First and foremost, institutional shareholders far outnumber individual shareholders in most companies, and generally hold hundreds or thousands of publicly traded companies in their portfolios. These hedge funds, pension funds, etc. are not about to allocate the time and resources necessary to determine whether each company they hold is shaping executive compensation appropriately. Instead, they outsource the job to "proxy advisory firms" who do the research for them, recommend how they should vote , and might even execute the voting on their behalf.

The proxy advisory industry is dominated by two companies: Institutional Shareholder Services (ISS), which controls 61 percent of market share, and Glass Lewis, which controls 37 percent. The work is highly seasonal, as most shareholder meetings are held in the spring. Yet the firms have staffs of only a few hundred full-time analysts to rapidly sort through thousands of analyses during the brief window between the time proxy statements are circulated and when votes are held.

As a result, they bolster their ranks with temporary workers, often located overseas, to process a tremendous amount of data and information in a very tight time frame. More generally, they apply uniform analytical models across thousands of companies that all but eliminate their ability to consider unique characteristics of any one company's business, regulatory or other circumstances, no matter how germane. Not surprisingly, companies have discovered a slew of errors in the analyses provided by proxy firms, yet any window to correct these errors before the recommendations become official is tiny.

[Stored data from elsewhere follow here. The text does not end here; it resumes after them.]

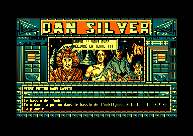 Dan Silver est un jeu d'aventure pour le CPC, qu'il est en mode un, qu'il a de jolis graphismes partout, que l'analyseur syntaxique a l'air d'être béton, et que l'aventure elle commence dans un laboratoire. L'ambiance est exotique et mystérieuse à souhait, et qu'est-ce que je peux bien raconter d'aufre, au secours. Non, soyons sérieux un peu. Dan Sylver se passe en 2020 où i! se pose un grave problème : un fléau décime la population. Un éminent scientifique pense que cela vient d'une mystérieuse planète, mais il meurt avant de pouvoir vous en expliquer d'avantage. Le sort de l'humanité dépend de vos, alors l! faudrait peut-être penser à se remuer un peu le cul... Je suis allé partout où c'était possible, même dans les sables mouvants, et je n'ai rien relevé de désagréable. Bien au contraire. Dan Silver m'a semblé autrement plus intéressant que Marmelade ou Frozarda, les deux premières productions MBC, qui n'étaient pas franchement géniales. De plus, il faut bien avouer que le petit rire digitalisé (en oui) quand le héros est mort est assez tordant. Sinon, je ne sais pas encore s'il y a un concours prévu pour Dan Silver, mais je vous tiens au courant dès que possible.
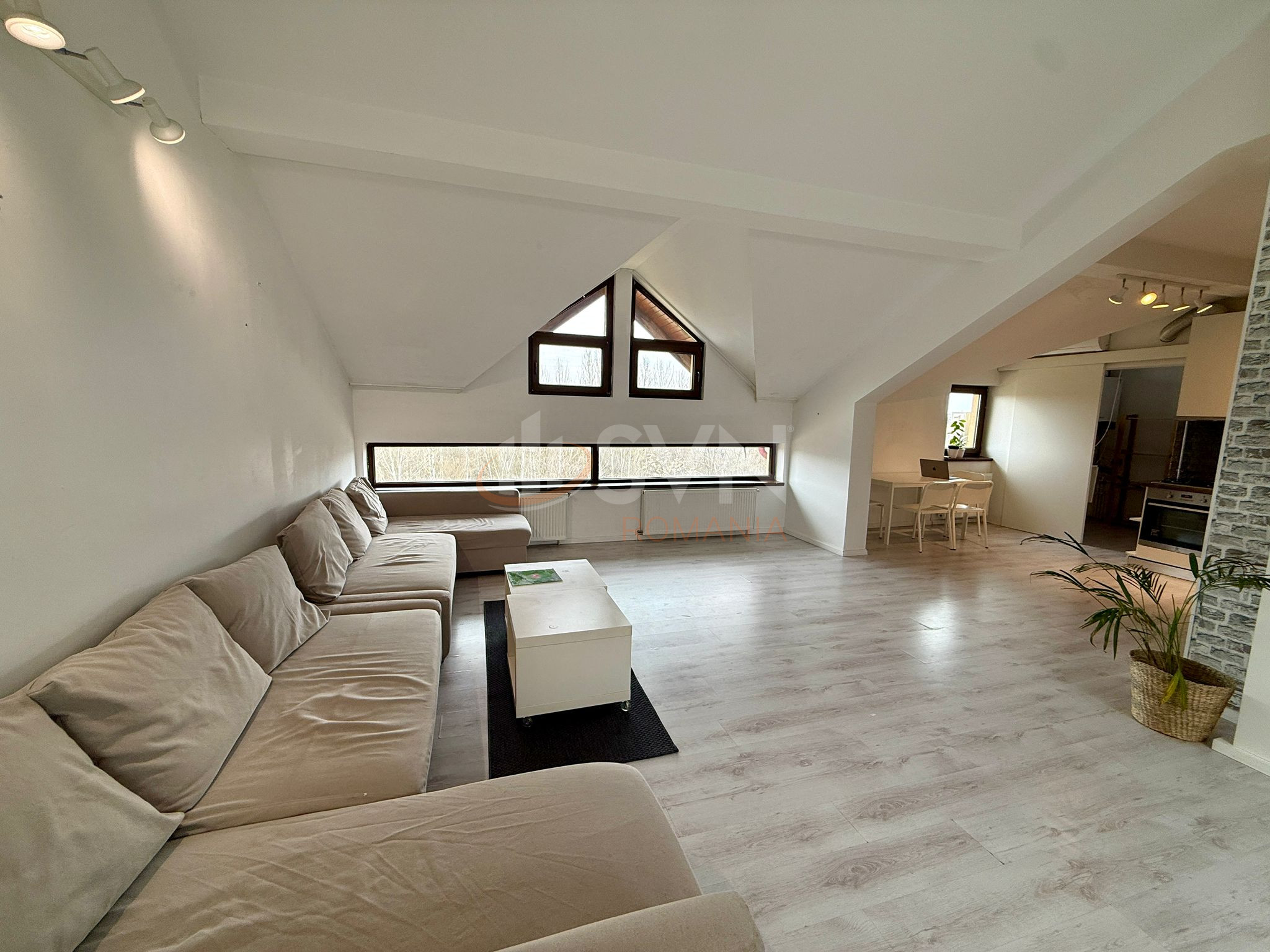 The apartment is situated in the attic of a low-rise building, offering privacy and a bright, airy atmosphere, thanks to generous natural light. The layout is modern and functional, featuring an open space living room with kitchen, creating a welcoming and comfortable area for relaxation and socializing.
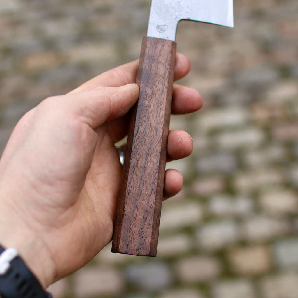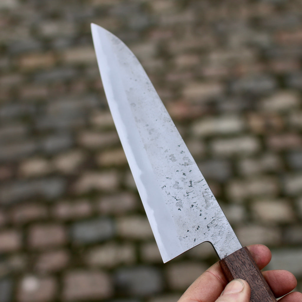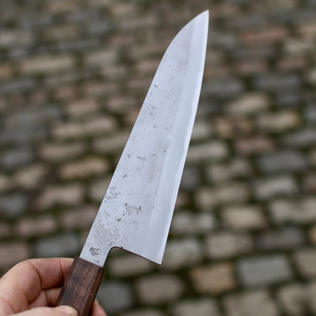This Ko-Gyuto feature a medium size blade, good distal taper, and thin tip. Workhorse blade with flat profile with a slight curve toward the tip. The Warikomi is made from 135Cr3 steel core with soft steel cladding. Forged to shape and to geometry the blade is ground on water cooled grinding wheel with a satin finish.
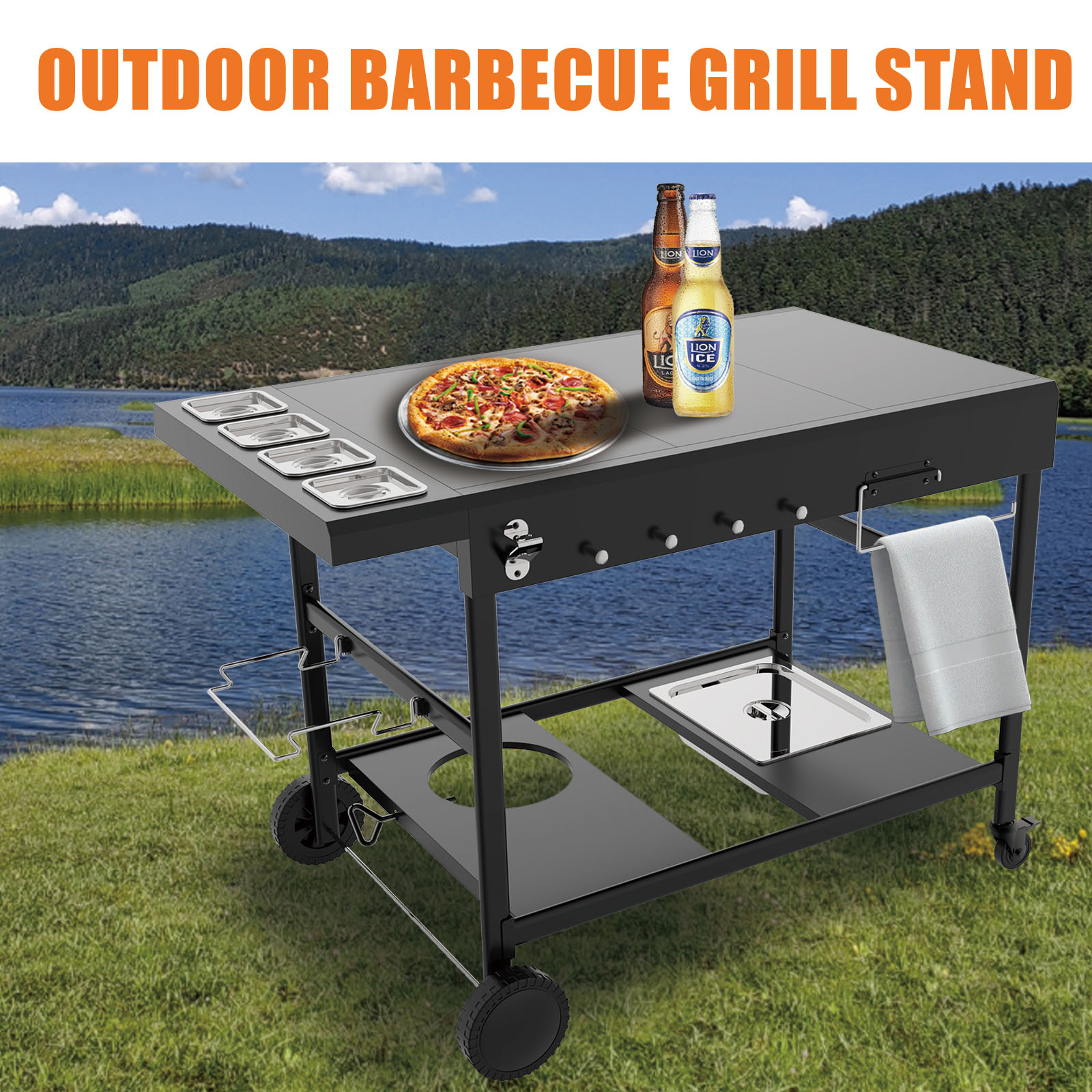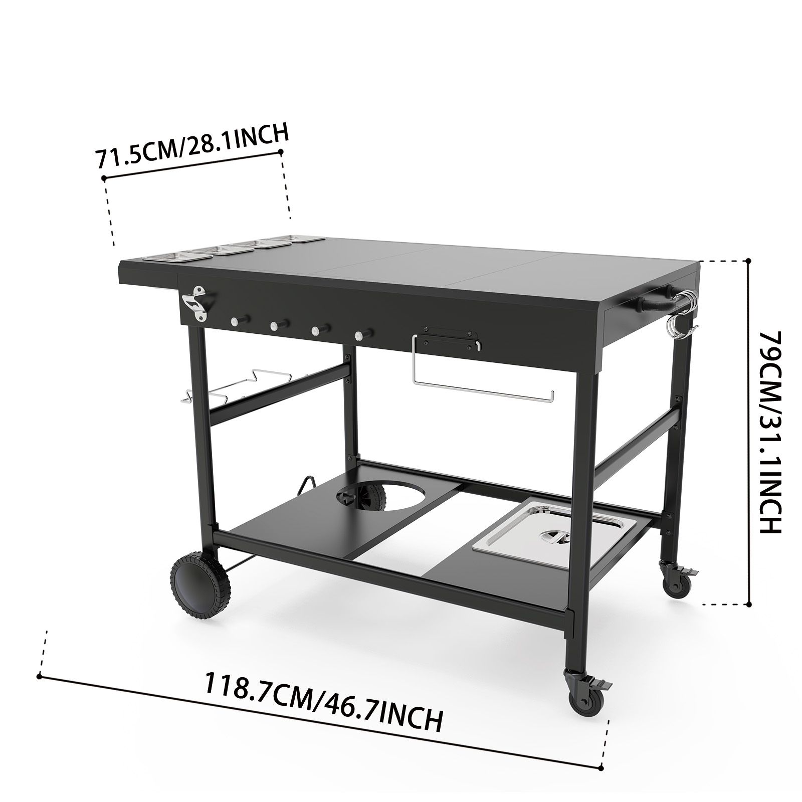 Multifunctional Grill Table Suitable for both indoor and outdoor use, it effortlessly serves as a mobile dining station, a practical worktable, or a spacious prep cart for your flat-top grilling needs. |
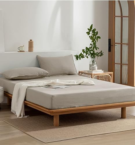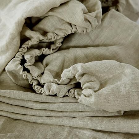 1 Pièce Bedding Drap Housse 120x200cm, 100% Lin Naturel, Bonnet pour 35cm, Confortable et Respirant (Lin, 120x200x35cm)
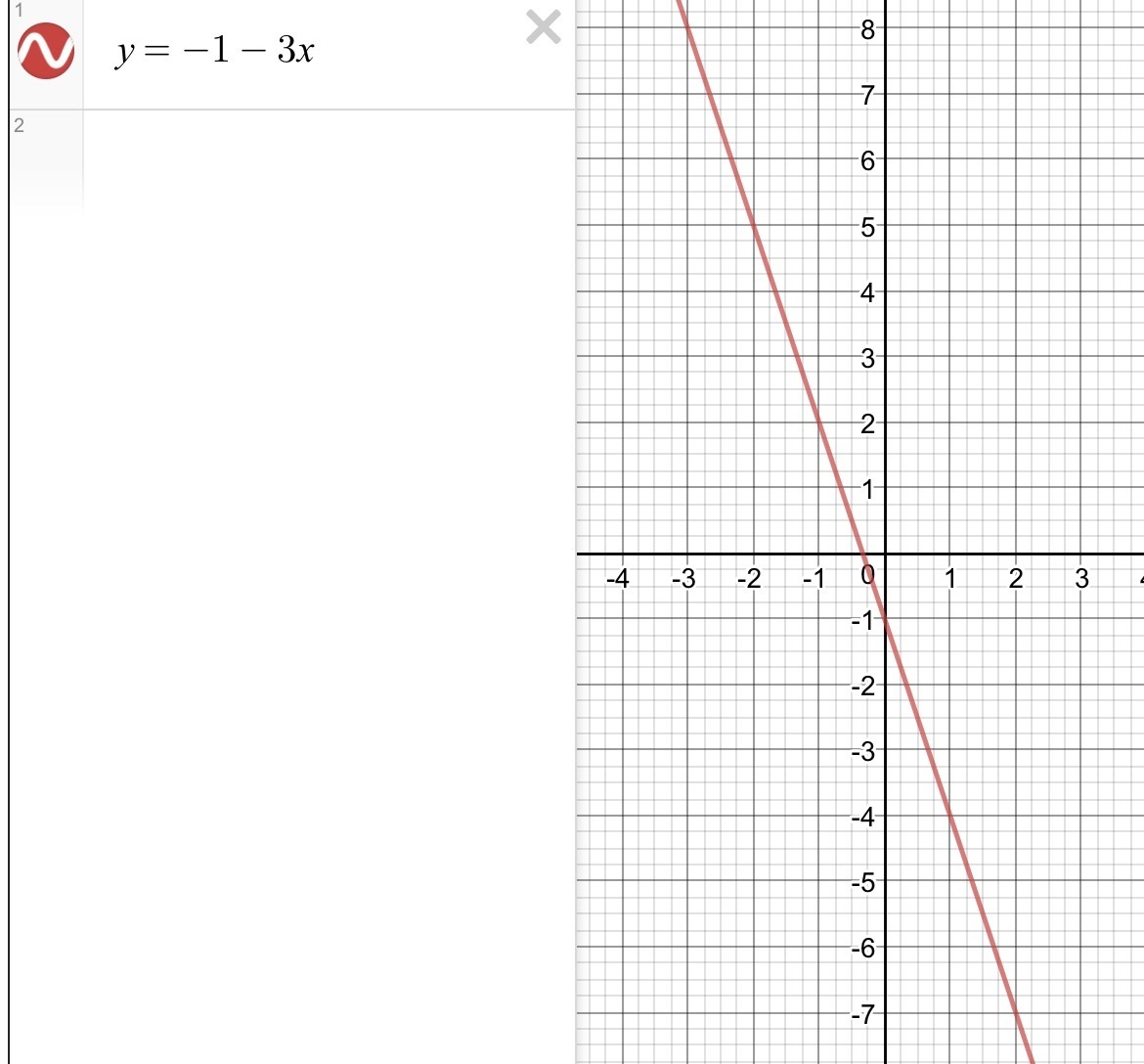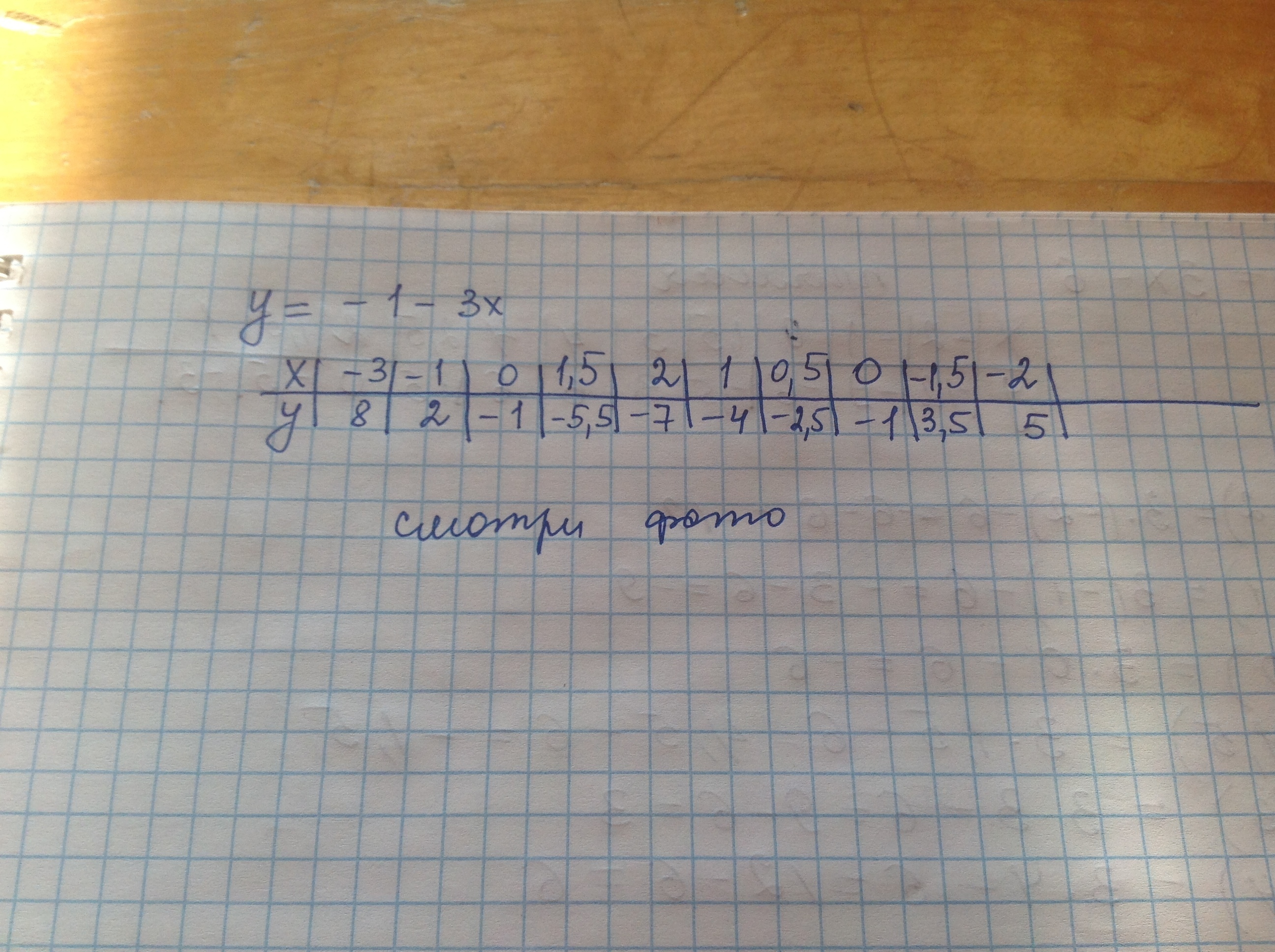 Постройте график функции заданной формулой y= - 1 - 3 x найдите по графику 1 значение y соответствующее значению x равному - 3. - 1. 0. 1,5. 2 2 значение икс при котором значение y равно - 4 .- 2,5 .- 1 .3, 5. 5
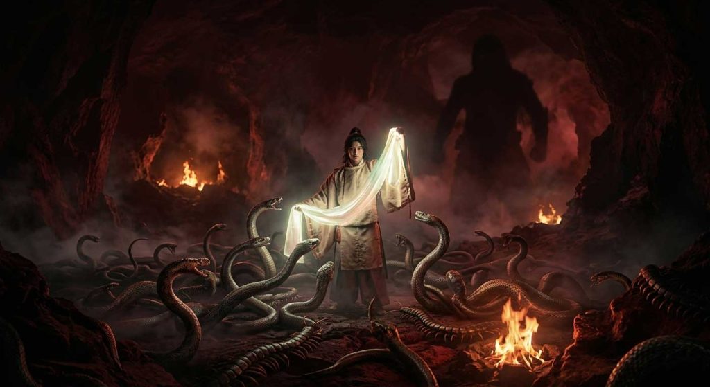 最初の夜、彼は無数の蛇がうごめく「蛇の室(へびのむろ)」に投げ込まれます。窮地に陥ったオオクニヌシでしたが、スセリビメから授かった「蛇の領布(ひれ)」を振るうことで蛇を鎮め、無事に一夜を過ごしました。翌晩には、無数のムカデと蜂が飛び交う「呉公蜂の室(むかでとはちのむろ)」に入れられますが、これも姫から授かった領布で難を逃れます。
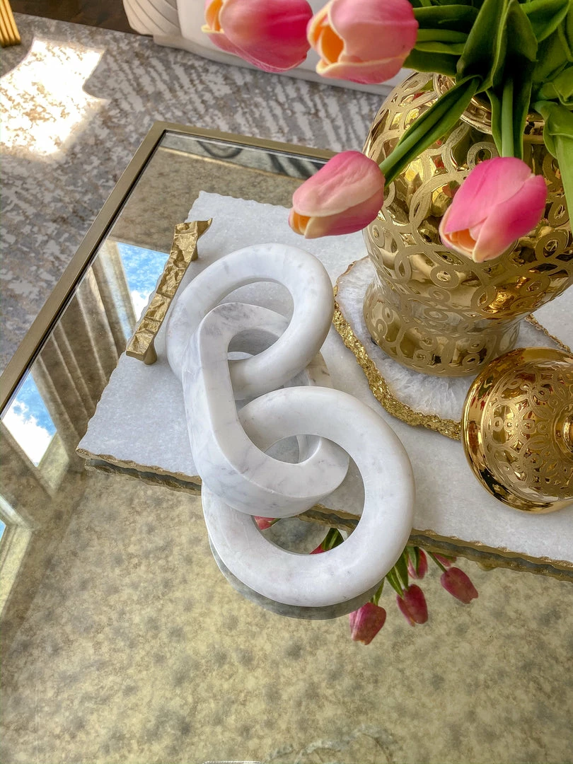 Description: This white marble chain decor is a great focal piece for your vignette. The geometric shape of the links make this a sleek and modern look, with the timeless elegance of marble.

In addition to promoting standardized work marked by a high occurrence of inaccuracies and flaws, the firms have an array of conflicts. Among the most egregious is a practice conducted by ISS, which also offers corporate governance consulting services – meaning that companies on the receiving end of a ‘negative' recommendation may be advised to improve their subsequent proposal by working with ISS' own compensation consultants. Beyond ISS' consulting practice, both firms are part of much larger financial entities, calling into question the quality of analyses they perform that involve other companies in which their parent organizations have direct interests or investments.

As Rep. Barney Frank himself put it in July 2009, "It's a question of empowering the shareholders to decide the appropriate level because it's their money…". Given that Say on Pay has instead provided an extraordinary windfall to a select few companies with a host of potential conflicts and questionable analytical performance records, look for reform-minded Members of Congress to take a second glance at the provision in the 113thCongress.